I’ve learnt python since the beginning of this year. In this blog, I’ll compare the data structures in R to Python briefly.
Array
R
Atomic vectors
- one-dimensional array
- contain only one data type
- scalars are one-element vectors, e.g.
f <- 3
,g <- "US"
- function
c()
v <- c("k", "j", "w", "d", "v")
> v[1]
[1] "k"
> v[c(1, 3)]
[1] "k" "w"
> v[3:4]
[1] "w", "d"
Matrices
- two-dimensional array
- each element has the same mode (numeric, character or logical)
- function
matrix()
m <- matrix(1:6, nrow = 2, ncol = 3)
> m
[,1] [,2] [,3]
[1,] 1 3 5
[2,] 2 4 6
> m[2, ]
[1] 2 4 6
> m[1, 3]
[1] 5
Arrays
- similar to matrices
- more than two dimensions
- function
array()
dim1 <- c("A1", "A2")
dim2 <- c("B1", "B2", "B3")
dim3 <- c("C1", "C2")
arr <- array(1:12, c(2, 3, 2), dimnames = list(dim1, dim2, dim3))
> arr
, , C1
B1 B2 B3
A1 1 3 5
A2 2 4 6
, , C2
B1 B2 B3
A1 7 9 11
A2 8 10 12
> arr[1,2,2]
[1] 9
> arr[1,2,]
C1 C2
3 9
> arr[1,,]
C1 C2
B1 1 7
B2 3 9
B3 5 11
Python
- package
numpy
- functions
numpy.array()
,numpy.arange()
In [1]: import numpy
In [2]: arr_1d = numpy.array([6, 5.2, 2, 7])
In [3]: print(arr_1d)
Out[3]: array([6. , 5.2, 2. , 7. ])
In [4]: arr_2d = numpy.array([[1, 2, 3], [4, 5, 6]])
In [5]: print(arr_2d)
Out[5]:
array([[1, 2, 3],
[4, 5, 6]])
In [6]: arr_3d = numpy.array([[[1, 2, 3], [4, 5, 6]],[[7, 8, 9], [10, 11, 12]]])
In [7]: print(arr_3d)
Out[7]:
array([[[ 1, 2, 3],
[ 4, 5, 6]],
[[ 7, 8, 9],
[10, 11, 12]]])
List
R
- an ordered collection of objects
- allow to gather a variety of objects under one name
str <- "My first list"
mtx <- matrix(1:6, nrow = 3)
intVtr <- c(5, 7, 32, 19)
strVtr <- c("one", "two")
mylist <- list(title = str, ages = intVtr, mtx, strVtr)
> mylist
$title
[1] "My first list"
$ages
[1] 5 7 32 19
[[3]]
[,1] [,2]
[1,] 1 4
[2,] 2 5
[3,] 3 6
[[4]]
[1] "one" "two"
> mylist[[2]]
[1] 5 7 32 19
> mylist[["ages"]]
[1] 5 7 32 19
Python
- variable-length
- can be modified in-place
[]
,list()
- methods:
append()
,insert()
,pop()
,remove()
,extend()
,sort()
In [1]: a_list = [2, 7, None]
In [2]: print(a_list)
Out[2]: [2, 7, None]
In [3]: b_list = list(('foo', 'bar'))
In [4]: b_list[1] = 'pee'
In [5]: print(b_list)
Out[5]: ['foo', 'pee']
Dataframe
R
data.frame()
patientId <- c(1, 2, 3)
age <- c(34, 23, 7)
diabetes <- c("Type1", "Type2", "Type1")
status <- c("Poor", "Excellent", "Improved")

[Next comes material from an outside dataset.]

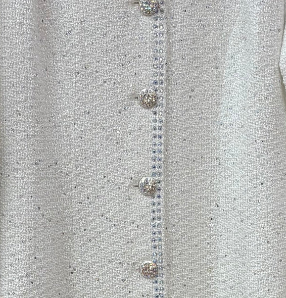 - Exude sophistication in our Elegant Charm Tweed Robe, crafted in luxurious white tweed with crystal-trimmed buttons. A graceful, modest design perfect for church or any special occasion.
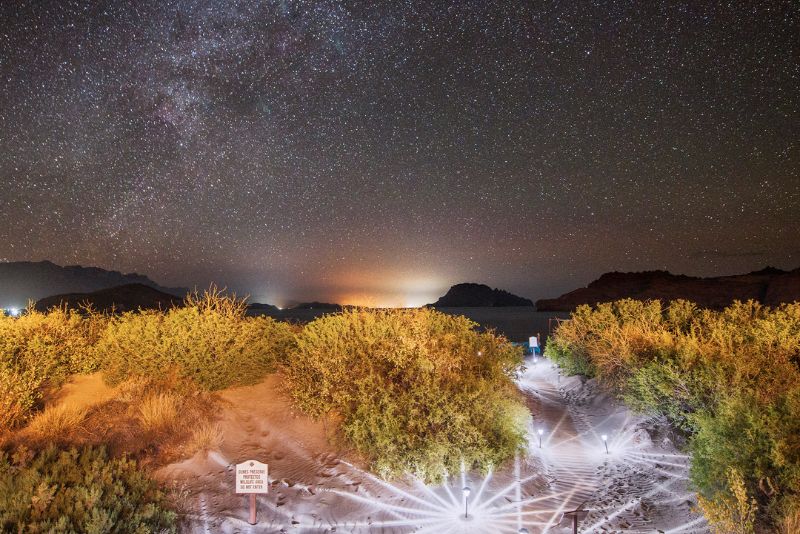 •Vista: Panorámicas de acantilados, aguas esmeralda y desierto que se funde con el mar. Observa delfines, lobos marinos y ballenas, o contempla las estrellas bajo los cielos más despejados de México.

patientDF <- data.frame(patientId, age, diabetes, status)
> patientDF
patientId age diabetes status
1 1 34 Type1 Poor
2 2 23 Type2 Excellent
3 3 7 Type1 Improved
> patientDF[1:2]
patientId age
1 1 34
2 2 23
3 3 7
> patientDF[1, ]
patientId age diabetes status
1 1 34 Type1 Poor
> patientDF[c("patientId", "age")]
patientId age
1 1 34
2 2 23
3 3 7
> patientDF$age
[1] 34 23 7
Python
- contain an ordered collection of columns
- have both row and column index
- package
pandas
pandas.DataFrame()
import pandas as pd
data = {'state': ['Ohio', 'Ohio', 'Nevada', 'Nevada'],
'year': [2000, 2001, 2002, 2003],
'pop': [1.5, 1.7, 3.6, 2.7]}
frame = pd.DataFrame(data, columns=['year', 'state', 'pop'])
In [1]: print(frame)
Out[1]:
year state pop
0 2000 Ohio 1.5
1 2001 Ohio 1.7
2 2002 Nevada 3.6
3 2003 Nevada 2.7
Besides, there are some data structures which don’t exist in both R and Python:
Factors (R)
- nominal / ordinal / continuous
factor()
patientId <- c(1, 2, 3)
age <- c(34, 23, 7)
diabetes <- c("Type1", "Type2", "Type1")
status <- c("Poor", "Excellent", "Improved")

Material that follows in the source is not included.